St. Clare is a fascinating case. Aware of the contradiction between Christianity and slavery but relying upon slavery for his income, he engages in a foppish cynicism and a casual atheism to avoid the conflict. Before he dies, however, he has begun to change. Under the influence of his dying daughter’s Christian idealism and Uncle Tom’s deep belief in God’s mercy, he arrives at a powerful social gospel. Here he is talking to his New England sister after the death of little Eva:
“My view of Christianity is such,” he added, “that I think no man can consistently profess it without throwing the whole weight of his being against this monstrous system of injustice that lies at the foundation of all our society; and, if need be, sacrificing himself in the battle.

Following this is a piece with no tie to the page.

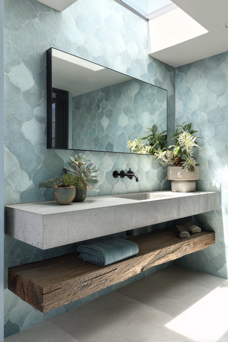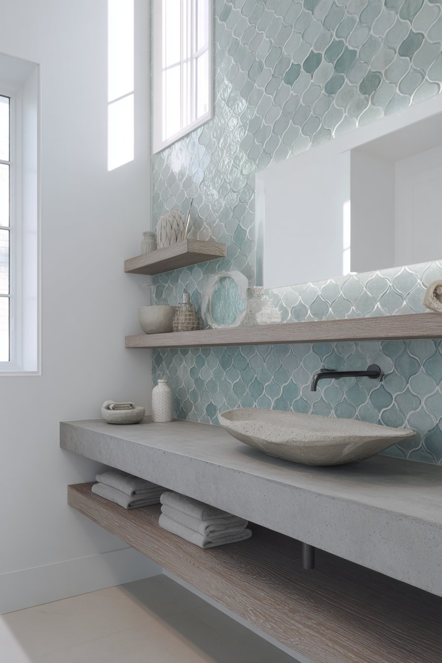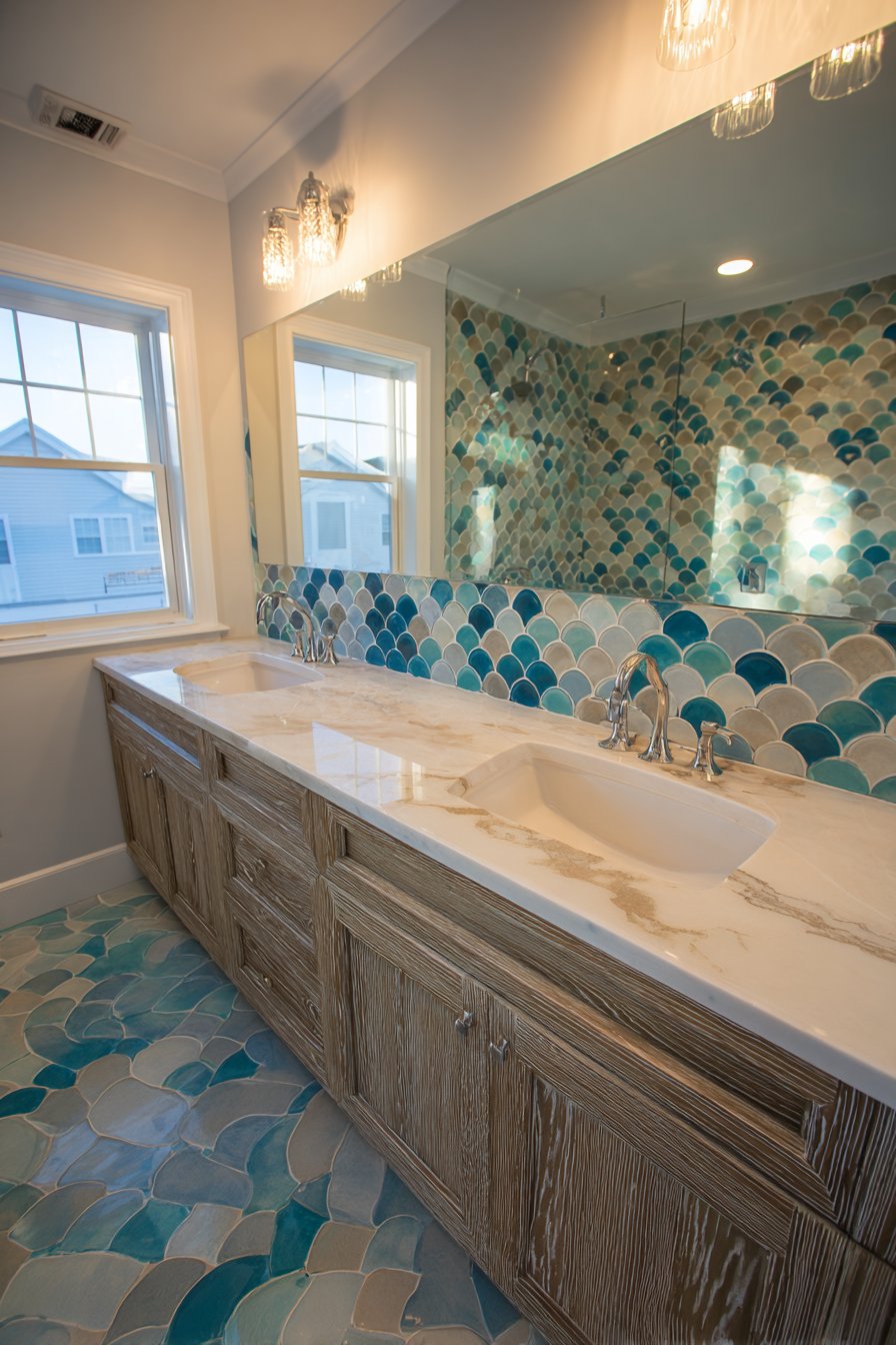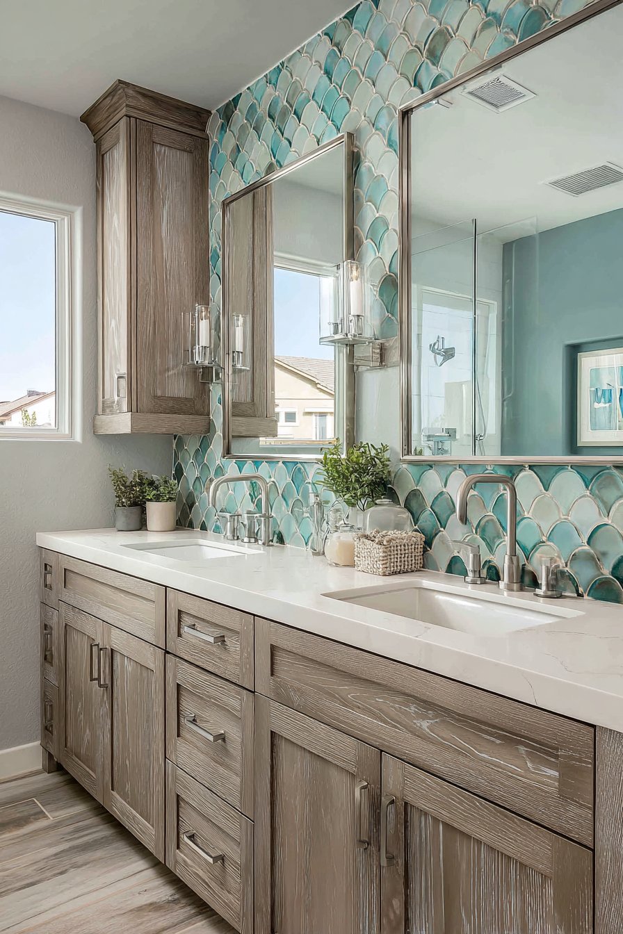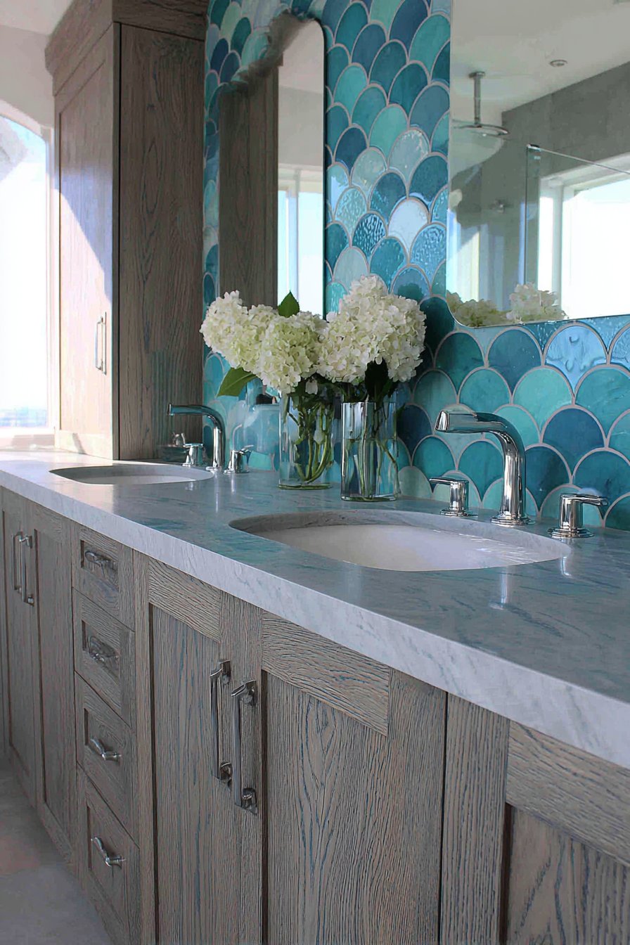 15. Fish-Scale Tile Double Vanity

That is, I mean that I could not be a Christian otherwise, though I have certainly had intercourse with a great many enlightened and Christian people who did no such thing; and I confess that the apathy of religious people on this subject, their want of perception of wrongs that filled me with horror, have engendered in me more scepticism than any other thing.”
“If you knew all this,” said Miss Ophelia, “why didn’t you do it?”

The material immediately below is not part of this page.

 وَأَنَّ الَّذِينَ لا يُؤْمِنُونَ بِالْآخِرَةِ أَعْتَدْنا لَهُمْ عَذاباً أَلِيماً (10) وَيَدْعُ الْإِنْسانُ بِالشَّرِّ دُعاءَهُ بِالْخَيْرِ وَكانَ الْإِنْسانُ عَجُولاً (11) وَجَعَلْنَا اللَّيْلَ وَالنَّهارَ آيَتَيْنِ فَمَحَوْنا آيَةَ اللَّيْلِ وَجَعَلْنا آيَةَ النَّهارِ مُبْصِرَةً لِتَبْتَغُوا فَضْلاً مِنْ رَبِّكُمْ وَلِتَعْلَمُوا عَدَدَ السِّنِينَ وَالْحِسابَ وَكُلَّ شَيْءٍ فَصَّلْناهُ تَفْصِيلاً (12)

“O, because I have had only that kind of benevolence which consists in lying on a sofa, and cursing the church and clergy for not being martyrs and confessors. One can see, you know, very easily, how others ought to be martyrs.”
“Well, are you going to do differently now?” said Miss Ophelia.
“God only knows the future,” said St. Clare. “I am braver than I was, because I have lost all [his daughter has died]; and he who has nothing to lose can afford all risks.”
And then St. Clare tells Ophelia what will be needed if freed slaves are to become productive Christian citizens. It’s interesting to look at his prescriptions as we celebrate the 50th anniversary of Lyndon Johnson’s war on poverty. He is calling for a massive society-wide effort, an end to racial prejudice, and a lot of money. People in the 1960s recognized these were necessary, but they have chosen to ignore it since.
But, suppose we [the southern slave owners] should rise up to-morrow and emancipate, who would educate these millions, and teach them how to use their freedom? They never would rise to do much among us. The fact is, we are too lazy and unpractical, ourselves, ever to give them much of an idea of that industry and energy which is necessary to form them into men. They will have to go north, where labor is the fashion, — the universal custom; and tell me, now, is there enough Christian philanthropy, among your northern states, to bear with the process of their education and elevation? You send thousands of dollars to foreign missions; but could you endure to have the heathen sent into your towns and villages, and give your time, and thoughts, and money, to raise them to the Christian standard? That’s what I want to know. If we emancipate, are you willing to educate? How many families, in your town, would take a negro man and woman, teach them, bear with them, and seek to make them Christians? How many merchants would take Adolph, if I wanted to make him a clerk; or mechanics, if I wanted him taught a trade? If I wanted to put Jane and Rosa to a school, how many schools are there in the northern states that would take them in? how many families that would board them? …You see, Cousin, I want justice done us. We are in a bad position. We are the more obvious oppressors of the negro; but the unchristian prejudice of the north is an oppressor almost equally severe.
Of course, progressives today would say “productive citizens” rather than Christians but otherwise would make a similar argument. If Martin Luther King were alive today, he would undoubtedly say, drawing on the gospel as he did so, that we’ve made progress but are not there yet.